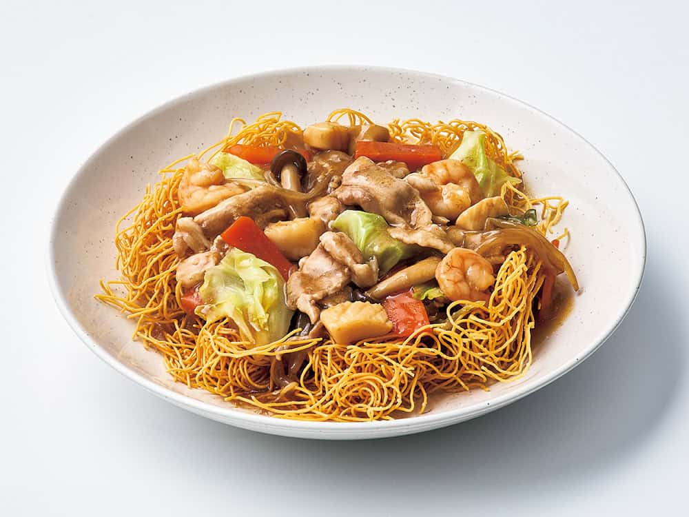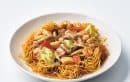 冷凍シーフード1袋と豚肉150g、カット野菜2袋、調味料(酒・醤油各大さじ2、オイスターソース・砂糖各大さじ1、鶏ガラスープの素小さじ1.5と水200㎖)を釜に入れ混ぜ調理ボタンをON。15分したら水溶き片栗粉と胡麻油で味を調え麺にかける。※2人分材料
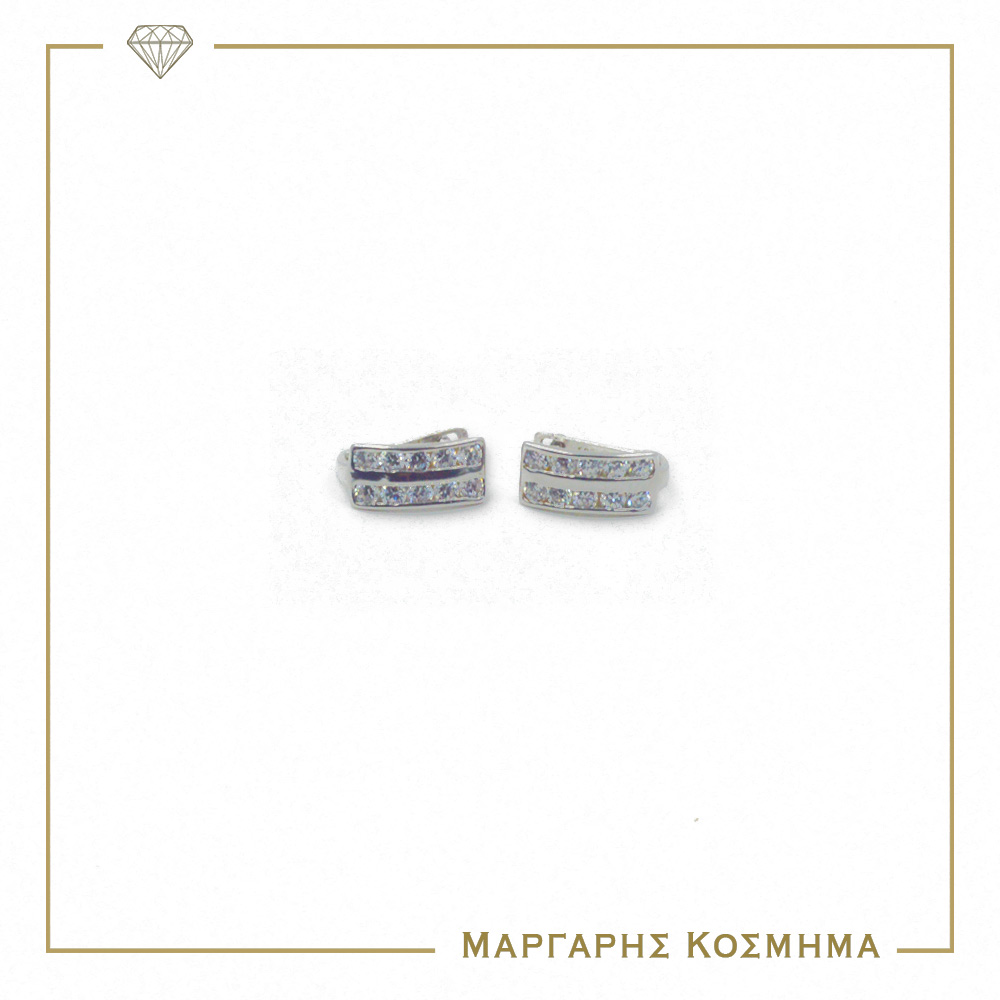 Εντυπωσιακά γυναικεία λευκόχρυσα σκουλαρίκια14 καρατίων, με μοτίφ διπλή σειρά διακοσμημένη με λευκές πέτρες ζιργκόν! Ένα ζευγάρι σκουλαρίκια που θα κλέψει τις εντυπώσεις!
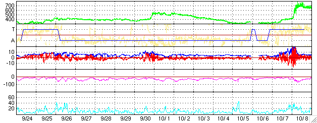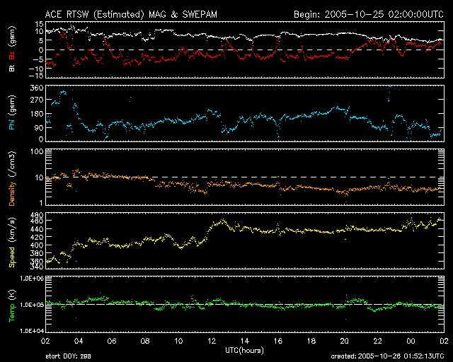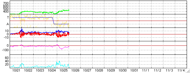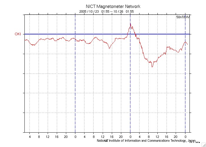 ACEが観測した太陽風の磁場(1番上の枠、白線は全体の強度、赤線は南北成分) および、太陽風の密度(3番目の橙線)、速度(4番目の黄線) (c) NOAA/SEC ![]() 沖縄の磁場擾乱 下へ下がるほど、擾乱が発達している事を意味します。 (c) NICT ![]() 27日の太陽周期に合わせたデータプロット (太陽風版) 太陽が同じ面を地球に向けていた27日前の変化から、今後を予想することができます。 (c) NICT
═══
- TASK STATEMENT: The expected output is an exact retyping of the lines from the line with "Εντυπωσιακά γυναικεία λευκόχρυσα" through the last line of the data, with both ends kept and the pictures dropped.

- THE ANSWER:
 Εντυπωσιακά γυναικεία λευκόχρυσα σκουλαρίκια14 καρατίων, με μοτίφ διπλή σειρά διακοσμημένη με λευκές πέτρες ζιργκόν! Ένα ζευγάρι σκουλαρίκια που θα κλέψει τις εντυπώσεις!
 ACEが観測した太陽風の磁場(1番上の枠、白線は全体の強度、赤線は南北成分) および、太陽風の密度(3番目の橙線)、速度(4番目の黄線) (c) NOAA/SEC ![]() 沖縄の磁場擾乱 下へ下がるほど、擾乱が発達している事を意味します。 (c) NICT ![]() 27日の太陽周期に合わせたデータプロット (太陽風版) 太陽が同じ面を地球に向けていた27日前の変化から、今後を予想することができます。 (c) NICT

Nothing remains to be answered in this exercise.